_EXERCISE DIRECTIONS_
Both the line below containing "Steel, Corrosion Resistant, Bars, Wire, and" and the line containing "こちらのU.S.AColem", along with every line between them, should be repeated exactly; no other line belongs in the answer.

_INFORMATION PROVIDED_
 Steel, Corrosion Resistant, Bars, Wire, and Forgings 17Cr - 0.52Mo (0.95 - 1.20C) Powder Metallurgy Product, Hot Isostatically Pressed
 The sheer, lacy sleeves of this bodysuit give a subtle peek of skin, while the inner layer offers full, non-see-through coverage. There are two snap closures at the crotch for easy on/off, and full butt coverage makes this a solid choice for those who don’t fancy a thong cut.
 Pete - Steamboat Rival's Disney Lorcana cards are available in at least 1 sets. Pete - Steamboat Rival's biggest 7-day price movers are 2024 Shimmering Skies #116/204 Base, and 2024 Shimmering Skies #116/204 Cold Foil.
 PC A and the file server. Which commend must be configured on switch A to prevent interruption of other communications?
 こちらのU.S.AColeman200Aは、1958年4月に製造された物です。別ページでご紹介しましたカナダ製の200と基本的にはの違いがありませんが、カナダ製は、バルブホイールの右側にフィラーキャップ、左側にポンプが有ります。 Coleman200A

...

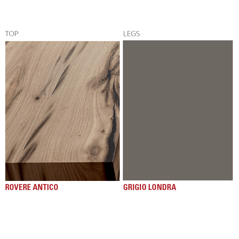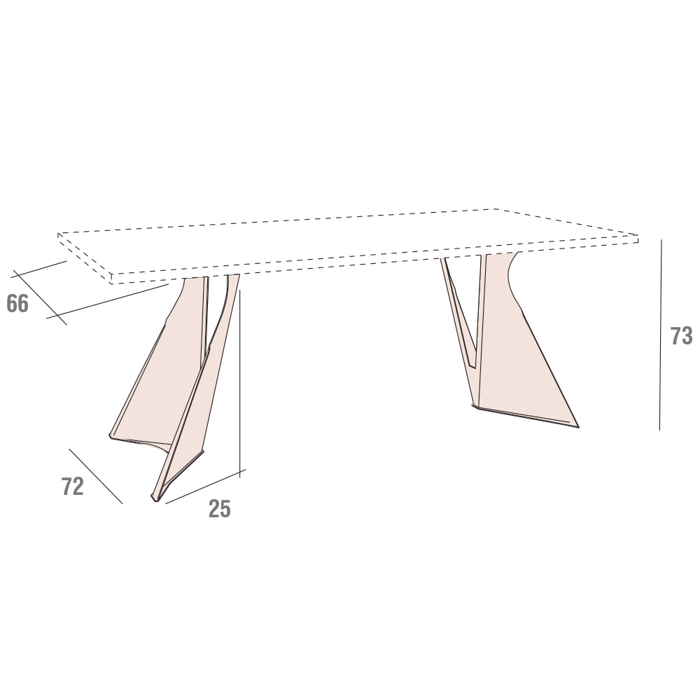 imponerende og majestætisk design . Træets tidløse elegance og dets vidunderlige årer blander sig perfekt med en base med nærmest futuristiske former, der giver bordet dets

* * *

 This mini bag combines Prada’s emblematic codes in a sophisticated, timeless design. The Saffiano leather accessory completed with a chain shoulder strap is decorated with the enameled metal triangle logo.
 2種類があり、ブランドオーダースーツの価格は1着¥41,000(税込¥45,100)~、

_REPLY_
 Steel, Corrosion Resistant, Bars, Wire, and Forgings 17Cr - 0.52Mo (0.95 - 1.20C) Powder Metallurgy Product, Hot Isostatically Pressed
 The sheer, lacy sleeves of this bodysuit give a subtle peek of skin, while the inner layer offers full, non-see-through coverage. There are two snap closures at the crotch for easy on/off, and full butt coverage makes this a solid choice for those who don’t fancy a thong cut.
 Pete - Steamboat Rival's Disney Lorcana cards are available in at least 1 sets. Pete - Steamboat Rival's biggest 7-day price movers are 2024 Shimmering Skies #116/204 Base, and 2024 Shimmering Skies #116/204 Cold Foil.
 PC A and the file server. Which commend must be configured on switch A to prevent interruption of other communications?
 こちらのU.S.AColeman200Aは、1958年4月に製造された物です。別ページでご紹介しましたカナダ製の200と基本的にはの違いがありませんが、カナダ製は、バルブホイールの右側にフィラーキャップ、左側にポンプが有ります。 Coleman200A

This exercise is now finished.